A case before the EU 'Supreme Court' was decided this morning, which had a relationship back to the German state I live in (Hessen). HR (my local public TV network) gave the basic intro to the case.
What you have is a family in the region of Ober-Ramstadt (about a 35 minute drive south of Frankfurt) who had made a religious decision several years ago....to teach their kids only at home (no public or private education system).
At some point, the regional authorities in Hessen reacted and gave the ultimate order....remove the four kids from home, and put them under state authority (attending public schools). The family sued that their rights were violated.
It went through the various levels of German law, and finally to the EU system. The EU court ruled....the authorities are correct, and that the kids will attend public school (either with the parent's permission, or via the order of the authorities).
I should note, this started out in 2013, and it's taken nearly five years to reach this legal stage.
How and why? There is a national legal setting which says you (as a kid) need to attend public school system, or a licensed private situation, until 16. Teaching at home? No, that won't work with the law that is in effect.
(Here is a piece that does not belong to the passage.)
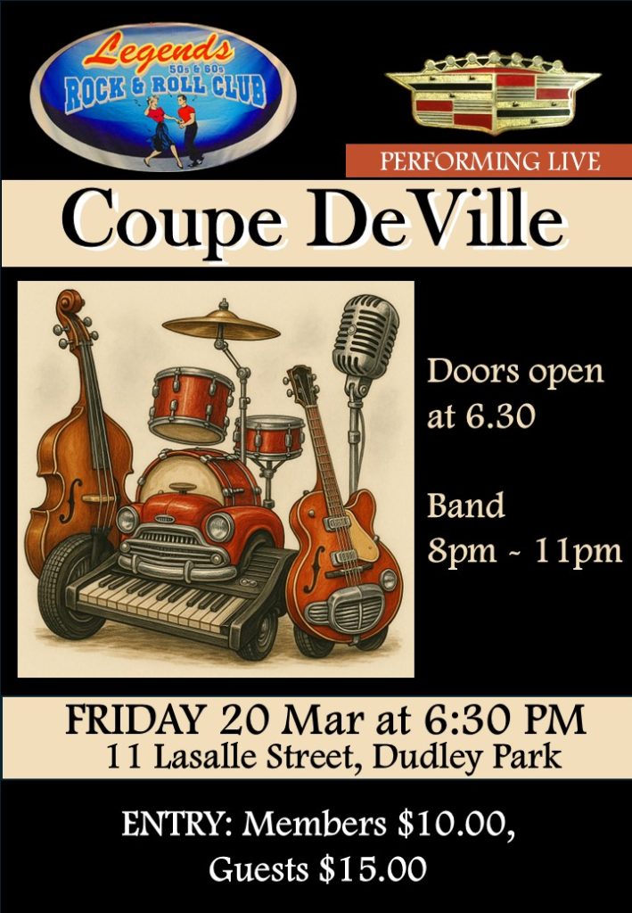 Legends Rock & Roll Club – 11 Lasalle Street, Dudley Park. Doors open at 6.30, Coupe DeVille – 8pm to 11pm

Why (most Americans would have a different view of this)? I've read a good bit over the German view of this and there are basically three driving forces:
1. If you did say a right to educate at home exists....then any and all...would be given this right. If you lived in a house with a father and mother who were no better than marginal education (say 7th or 8th grade)....how could you expect those parents to provide any type of decent education? What if both parents were immigrants...spoke no German, and had no comprehension of basic science?
2. There is some fear (based on past episodes) that if you allowed this to go on, and poor education resulted.....then somewhere around age 20 to 30....'Junior' would show up at the unemployment office and lay out the problem that he wasn't that educated (none of his fault, just his parents) and he has nothing to show for work potential.....so they'd have to turn on Hartz IV (welfare) and likely pay 'Junior' for the rest of his life to sit at home.
3. Finally, the government will readily point out that they register and approve various private educational units to exist (some under the Catholic Church)....some under private pay-as-you situations. Parents might find it a burden to accept this, or to pay for it.....but there are likely private schools which would meet your 'political' or 'religious' agenda. These have teachers who have certifications, and the programs are monitored to ensure they meet the basic goals.
At some point around twenty years ago, I was watching some German news documentary piece and they got onto illiterate Germans. These are people who had various issues and just simply can't read. By their estimates, at least half-a-million Germans (out of 82-million) were in this category. Even with the government's rules.....the system isn't perfect. But if you allowed at-home schooling, I'm not sure you would really gain anything.